Floo/head-in-the-fireplace, was Re: OK, The Portkey
snazzzybird
carmenharms at yahoo.com
Sun May 11 18:35:37 UTC 2003
No: HPFGUIDX 57609
--- In HPforGrownups at yahoogroups.com, "Amanda Geist" <editor at t...>
wrote:
> <Much snippage of a well-thought-out discussion of Floo powder and
head-in-the-fireplace communication>
>
> As for whether Floo is the mechanism for the head-in-the-fireplace
> communication--I think it is. I don't think it is such a stretch to
go from
> sending your voice by Floo, which I think canon supports, to
someone, to
> sticking your head in the fire to talk to them directly.
>
> For the Snape/Lupin interaction, I think that Snape could have
stuck just
> his head in the fireplace to ask Lupin directly...
<snip>
Now comes snazzzybird to say --
I'm so glad to see this topic brought up! I've meant to bring it up
myself, but somehow the time never seemed right. I have been
extremely curious about head-in-the-fireplace communication (which I
will hereafter abbreviate to HITF). In fact, one thing I'm hoping to
see in OoP is the "initiating" end of such a conversation.
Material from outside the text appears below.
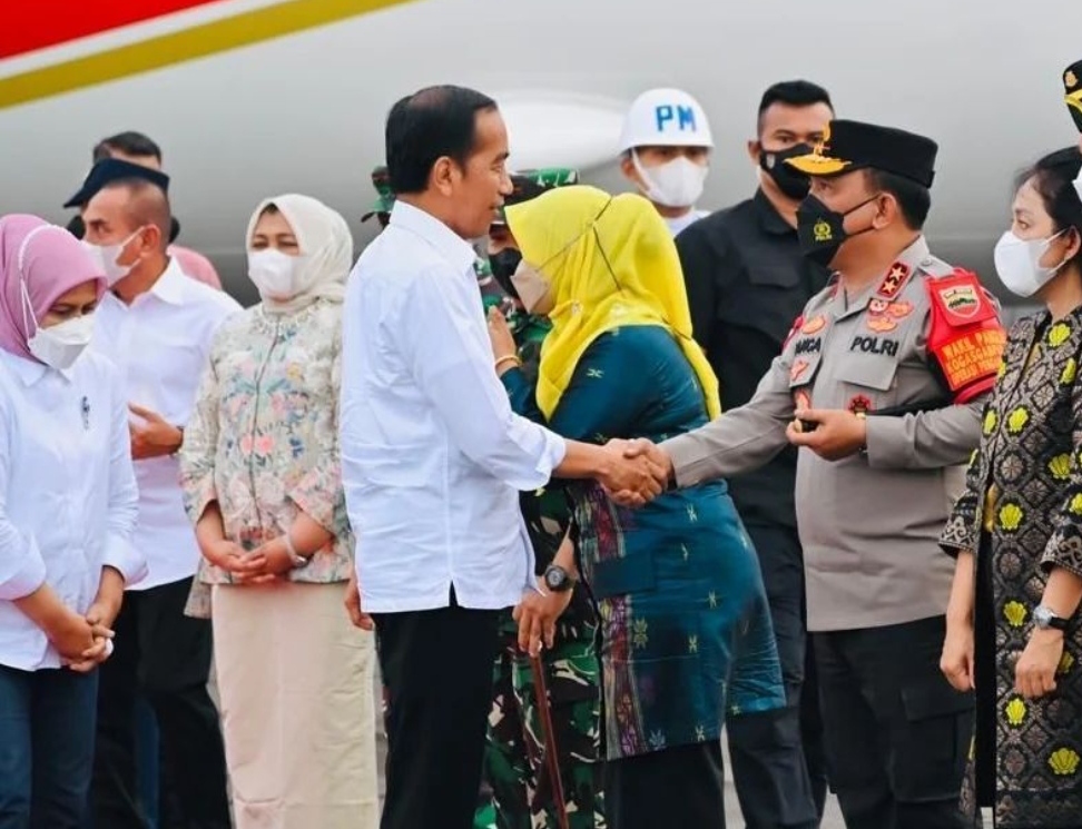 Kapolda Sumut Irjen Pol Drs. R.Z. Panca Putra S, M.Si didampingi Ketua Bhayangkari Daerah Sumut Ny. Rita Panca menyambut kedatangan Presiden Joko Widodo dan Ibu Iriana Joko Widodo di Lanud Soewondo Medan, Rabu (08/02/2023).
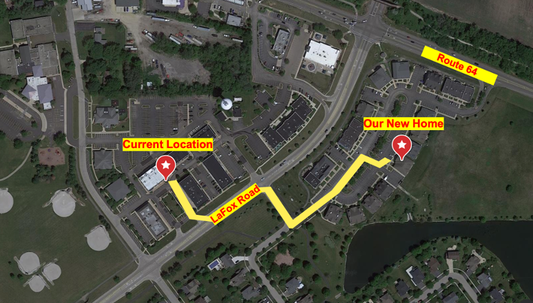 Google says the distance is only 300 yards away… We cant wait to see you in our new digs soon!

We know that the sender can look all around the receiver's room, as
though he were physically in that room. We know that the flames that
surround his head are harmless to him. However, the receiver has no
such protection: remember, Mrs. Weasley used an implement to give
Amos Diggory the toast; she didn't just reach into the fire.
We know what this conversation looks like from an observer at the
receiving end. What does an observer on the sending end see? Is the
person who initiated the call on his hands and knees before the
fireplace, with his head in the flames? Is his head visible to the
observer? If so, does it look to the observer as though the person
just has his head in the fireplace -- or can he see, dimly through
the flames, the room at the receiving end? (I'm thinking of a
telephone conversation, in which the people on the phone can hear
ambient noises in each other's homes, and if the telephoners speak
loudly enough, other people in the room can hear the voice coming out
of the handset.)
Does this communication only work if there's a fire in the other
person's fireplace -- or does an incoming HITF communication cause a
magical fire to ignite there? What happens if someone tries to Floo
in at the time there's a HITF? What if (say) Arthur Weasley tries to
call home, but Mrs. Figg's head is already in the fireplace? Does he
get a busy signal? Or is there such a thing as three-way HITF???
Okay, now I'm getting silly... but I'm serious about wanting to know
how it works. What do you think?
--snazzzybird, who promises not to even bring up Caller ID.